The rahs are amongst us!

You don't know what a rah is? Go to a seminar room at a British redbrick university or at Oxbridge these days and look at the brands some of the students wear. Is it
Abercrombie & Fitch  or
Jack Wills, or do they wear
Ugg boots?
You're likely to have run into rahs. But it's not clothes alone which turns someone into a rah. You've got to listen to their pronunciation as well. Do they say [klɑː:s] with an extra long and extra dark vowel? Do they monophthongise the word year to yah? Does a student who takes time off call it a  [gɑp jɑːː]? Does he use expressions like 'a lash' (drink heavily), 'to chunder' (to vomit). If he does he is most likely a rah.

Where does the word (pronounced /rɑː/) come from? Wikipedia describes it as a slang term "referring to a stereotypical affluent young upper class or upper-middle class person (male or female) in the United Kingdom." OED tells us that rah is a shortening of hurrah, but does not record the meaning described by Wikipedia. Some sources say that rah is an abbreviation of 'rich a***hole'.

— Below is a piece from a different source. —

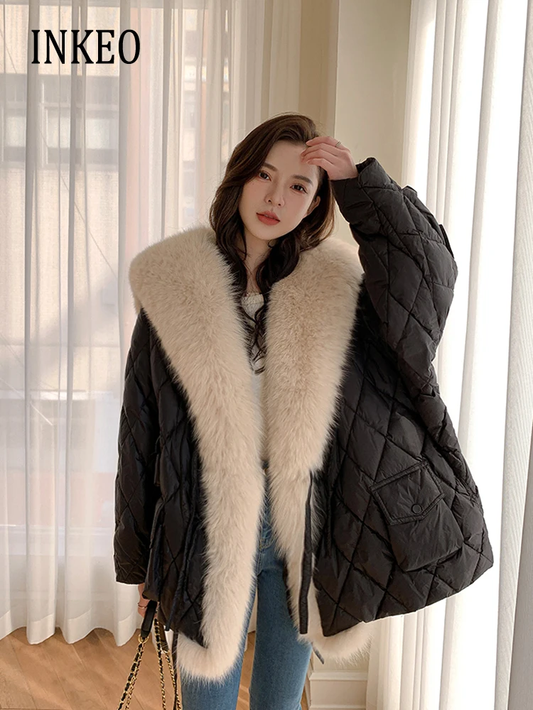 Роскошная большая пуховая куртка с воротником из лисьего меха, женские парки 2023, зимнее дизайнерское теплое пуховое пальто большого размера, женская верхняя одежда INKEO 3O131

A video clip mocking rahs has gained some popularity recently. Watch here on youtube.


  1. gɑp - really that far?

    Anyway, I thought the point of rah from hurrah was A. that hurrah and hurray were a bit like napkins and "serviettes", and B. that "rahs" were stereotyped to be jingoists.

    In the video, there's a striking difference between year = jɑː and really = riːəli. May be realistic.

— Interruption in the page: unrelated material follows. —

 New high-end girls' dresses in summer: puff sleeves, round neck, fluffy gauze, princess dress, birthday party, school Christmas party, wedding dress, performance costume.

  2. Isn't it interesting that the essence of poshness, or at least the essence of a stereotype of poshness, is the pronunciation of a very back open PALM vowel?
    That's exactly the type of pronunciation that the phonetics books of the early C20th described as vulgar cockney and to be avoided.
    And isn't 'rah' just a new twist on 'la-di-da'?
    \Question \/is, if 'la-di-da' was coined in the late C19th for posh, effected speech, what speech features was it mimicking? Surely not that vulgar cockney vowel! Was it coined in the north of England in imitation of the southern BATH vowel?

  3. →Paul
    I very much doubt that la-di-da had a direct origin from any particular regional vowel associations. Rather; I think it has come about imitatively or onomatopoeicly. The backest and openest human mouth posture relates with metaphors we have for referring to behaviour of the self-important, arrogant etc inflated kind eg big-mouthed, puffed up, (a) swell. Haw-haw is in the same phonetic and semantic region: Lord Haw-Haw wasnt named coz of his laughing but on account of his pompous affected style.

  4. I alway thought la-di-da originated as a sort of an imitation of French perceived pomposity.

  5. On the etymology of la-di-da OED says this: "Onomatopoeic, in ridicule of ‘swell’ modes of utterance."